Margaret Dunnigan and Julie Flanagan are P.E.O. sisters. Both are members of the Philanthropic Educational Organization celebrating the advancement of women. It’s a bond of servant-leadership, education, and advocacy to motivate women to achieve their highest aspirations.  When Margaret broke her sacrum at the base of her spine at 91 years old, her family reached out to Julie for advice after the rehabilitation center told them it was time to move Margaret to a long-term care facility.

“Fortunately I knew Margaret,” said Julie, RN, BAN, CRRN, Director of Life Care for Lifesprk at Summit Place in Eden Prairie. “As we do with every client, the goal in our whole person approach is to look at their baseline – what are they capable of, who are they as a person. With Margaret, she had been motivating women her entire life to achieve their goals. It was my turn to help Margaret regain hers.”

What Julie also knew was that moving her to a nursing home was not an option that would work for Margaret. According to the U.S. Centers for Disease and Control Prevention, every 11 seconds an older adult is treated in the emergency room for a fall. Decisions made after the fall can impact how seniors proactively prevent and thrive once they are home. The key here, and what Julie knew for Margaret, is that fear often plays a role in how someone heals afterwards. “Fear will limit their activities and slow their rehab down,” said Julie. “Margaret is a very sociable, strong person. What she needed most was confidence. So often when we see our clients on the roller coaster of health crises, it’s the fear of it happening again that suspends them from trying to take that next step and they decline further physically, become socially isolated and feel helpless.”

Julie advocated for Margaret to move to Summit Place where there Healing-Transitioning-Senior-Fallwas an opening in assisted living and Lifesprk is on-site providing whole person senior care to its residents.  Margaret was assigned to Debbie Whitehurst, RN, Life Care Manager (LCM), who explained: “When we met, Margaret needed total care and couldn’t get out of her wheelchair.”  Debbie enlisted the help of Lifesprk Home Health for physical and occupational therapy. Katie Trent, PT, and Jill Schmid, OT, helped rehabilitate Margaret in her apartment.

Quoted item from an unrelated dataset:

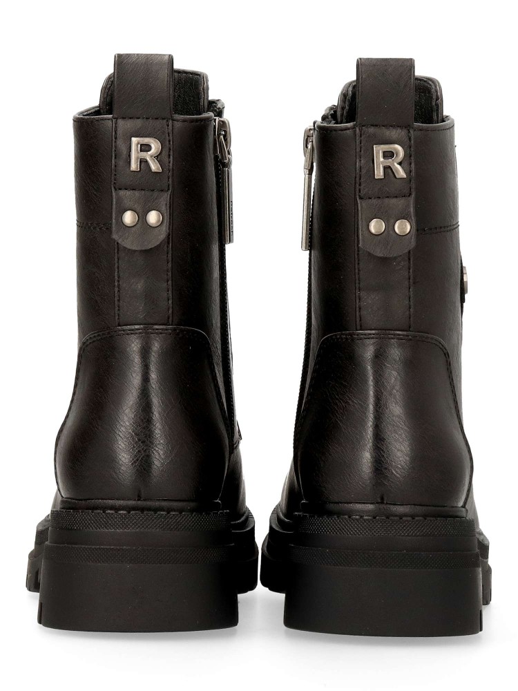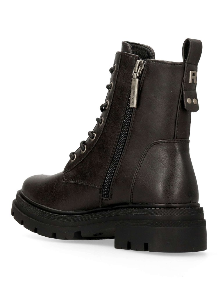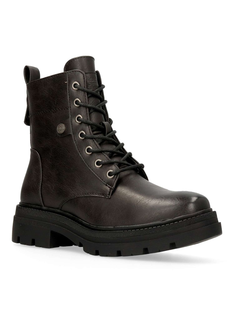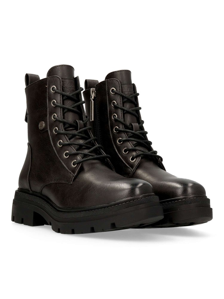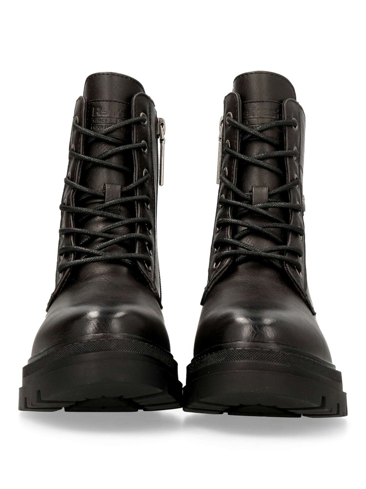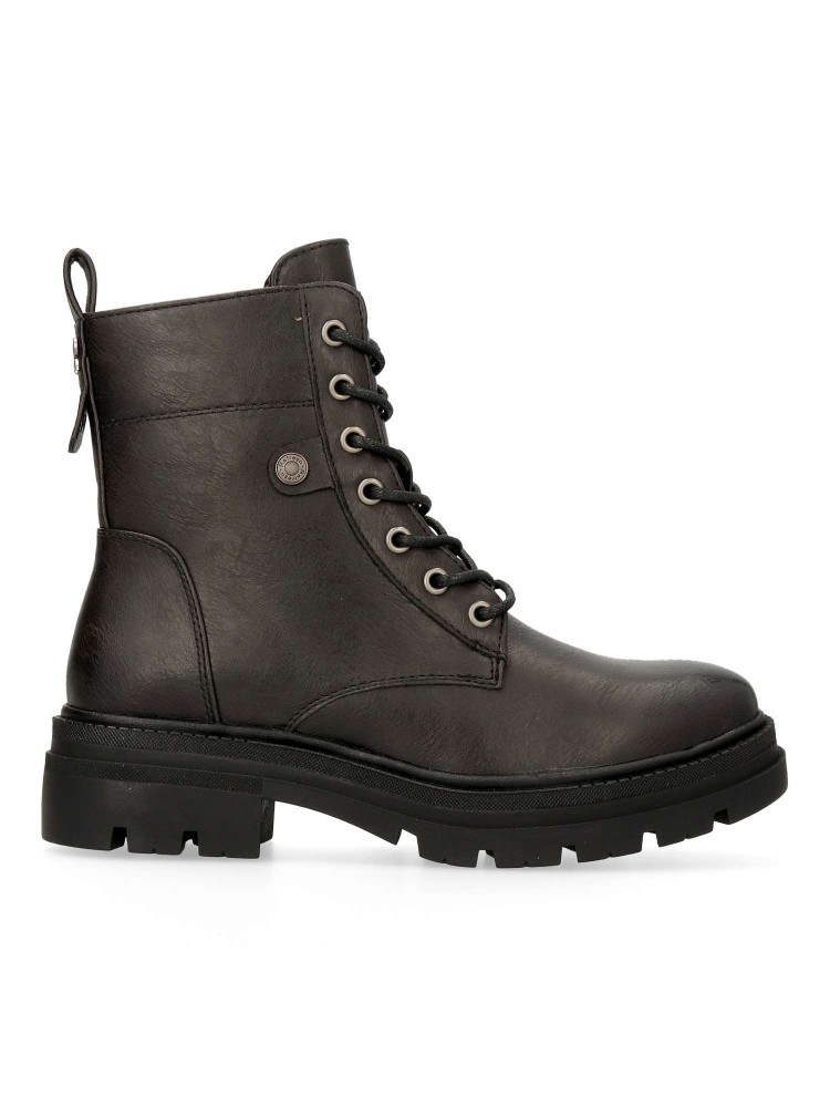 Botín de mujer, con diseño militar. Fabricado en material que imita a la piel. Cierre mediante cremallera con cordones tubulares al tono. Color negro. Todo un clásico para conjuntar con tus outfits de invierno. Plantilla acolchada. Certificado vegano.

Together, the entire team worked on her rehab but also included another often overlooked element: identity. “She’s a P.E.O. sister, I knew she had it in her to use her strength and empowerment to overcome this,” said Julie. Debbie and Julie would go into Margaret’s room and tell her ‘today we are going to stand together.’ “I coached her while also getting to know Margaret – we made the relationship not about the injury but about the person. She needed to believe that she would walk again, that this was just a bump in the road but that we would take one day at a time, together,” said Debbie. And Julie set a meaningful goal for her: work on your exercises and we will attend the next P.E.O. meeting together.

Months later, Margaret is not only walking, but she’s socializing and doing the majority of her self-care on her own. “The smile on her face warms my heart,” said Julie.